Python AutoViz - 데이터 자동으로 시각화하기

AutoViz를 이용하면 데이터 전처리 및 시각화를 자동화할 수 있다.

AutoViz

0.1.50 이후 버전의 AutoViz를 사용하면 자동으로 데이터를 분석해주고, 데이터 정제 방법도 제안해준다. 누락값, 적은 수의 카테고리, 무한한 값 그리고 혼합 데이터 유형 등을 찾아주는 작업을 수행한다. 이러한 기능을 활용하면 데이터 정제 작업에 소요되는 시간을 줄일 수 있다.

AutoViz 설치

다음과 같이 Shell 명령을 통해 최신 버전의 AutoViz를 설치한다.

pip install autoviz --upgrade

예제 데이터

유명한 아이리스 데이터를 판다스 데이터프레임으로 불러온다.

import pandas as pd

# 예제 데이터 URL
url = 'https://archive.ics.uci.edu/ml/machine-learning-databases/iris/iris.data'

# 예제 데이터를 데이터프레임으로 읽기
df = pd.read_csv(url, names=['sepal length','sepal width','petal length','petal width','target'])

AutoViz 임포트하기

이제 AutoViz 라이브러리를 임포트한다. AutoViz_Class 를 이용해 AutoViz 인스턴스를 생성한다.
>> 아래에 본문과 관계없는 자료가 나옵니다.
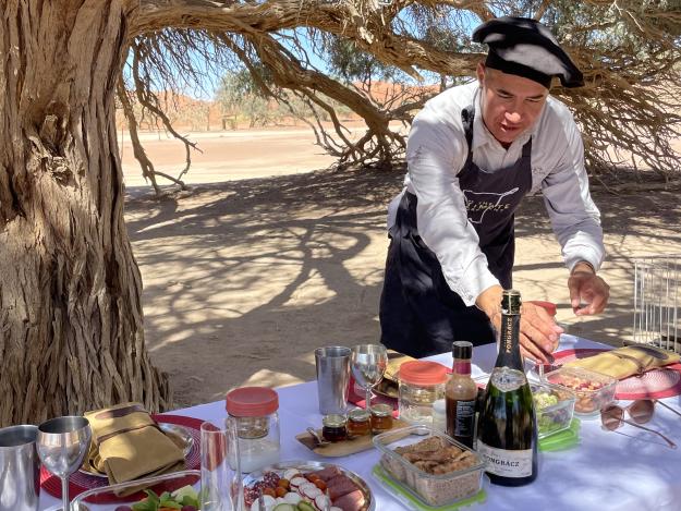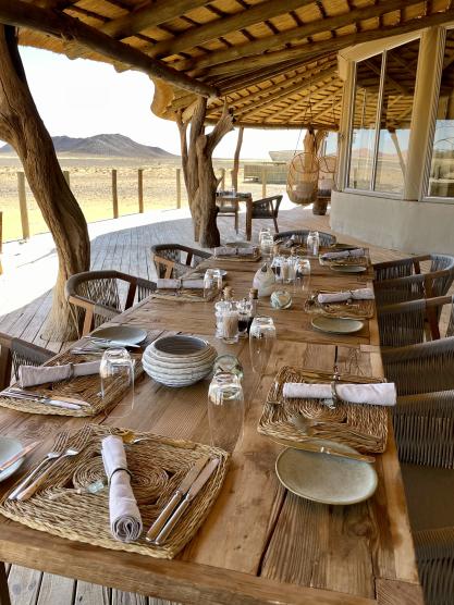 Viele Aktivitäten sind möglich. Von hier startet man zu den Felsmalereien von Twyfelfontein. Oder unternimmt mit dem E-Bike eine Erkundungsfahrt. Oder man spürt den Wüstenelefanten nach. Wieder zurück nehmen Sie köstliche Düfte wahr: Der Steinofen ist bereits in Betrieb und das Team bereitet den Sundowner vor. Man wird kulinarisch rundum verwöhnt.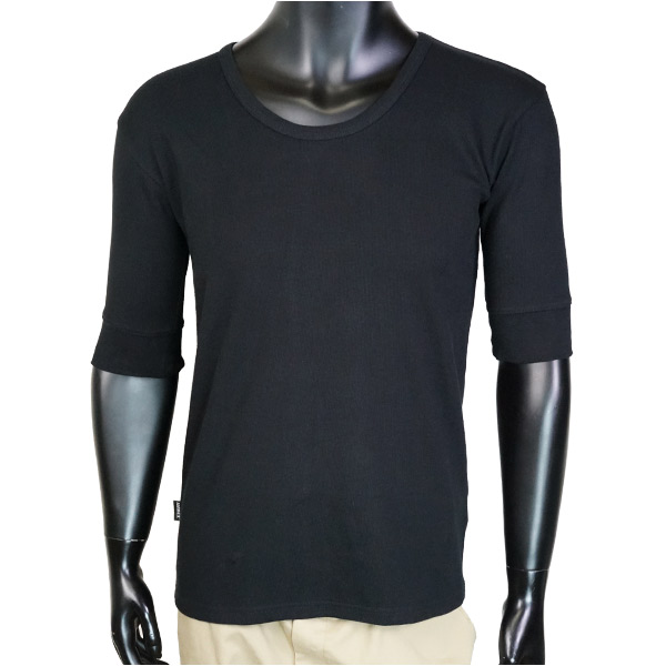 AVIREX 5分袖Tシャツ 無地 デイリー Uネック ワッフル [ ブラック / Sサイズ ][avi71058]
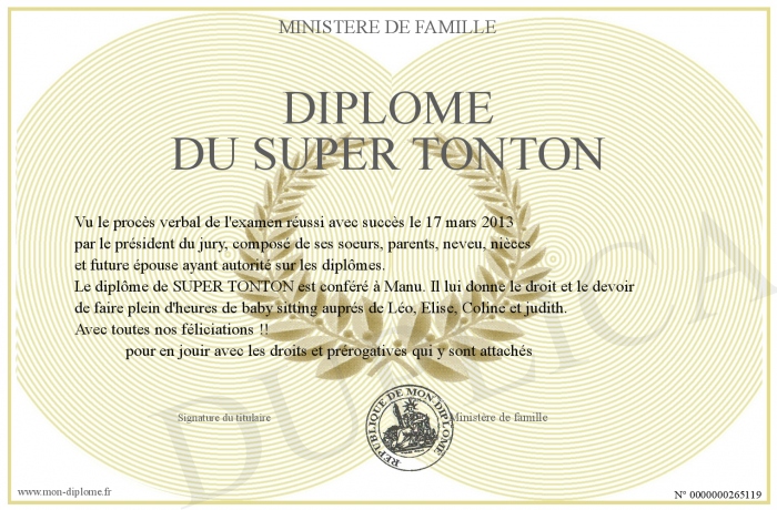 Envoyez par email votre Diplôme du SUPER TONTON personalisé

from autoviz.AutoViz_Class import AutoViz_Class

# AutoViz 인스턴스 생성
AV = AutoViz_Class()

시각화 실행하기

AV.AutoViz() 이용 시 아래와 같이 옵션을 지정하면 다양한 형태로 시각화 결과를 출력할 수 있다.

chart_format='bokeh: bokeh 대시보드를 주피터 노트북에서 실행
chart_format='server: 웹 브라우저에서 실행
chart_format='html: 로컬 경로에 동적 HTML 파일 저장
chart_format='png, chart_format='svg, chart_format='jpg: Matplotlib 차트 인라인 실행
- verbose=0: 주피터 노트북에 표시 (최소 정보)
- verbose=1: 주피터 노트북에 표시
- verbose=2: 로컬에 저장

%matplotlib inline

# 시각화 결과 저장 경로
save_plot_dir = "./result"

# 자동 시각화 실행
dft = AV.AutoViz(
    filename="",
    sep=",",
    depVar="target",
    dfte=df,
    header=0,
    verbose=2,
    lowess=False,
    chart_format="png",
    max_rows_analyzed=150000,
    max_cols_analyzed=30,
    save_plot_dir=save_plot_dir
)

Shape of your Data Set loaded: (150, 5)
#######################################################################################
######################## C L A S S I F Y I N G  V A R I A B L E S  ####################
#######################################################################################
Classifying variables in data set...
Data cleaning improvement suggestions. Complete them before proceeding to ML modeling.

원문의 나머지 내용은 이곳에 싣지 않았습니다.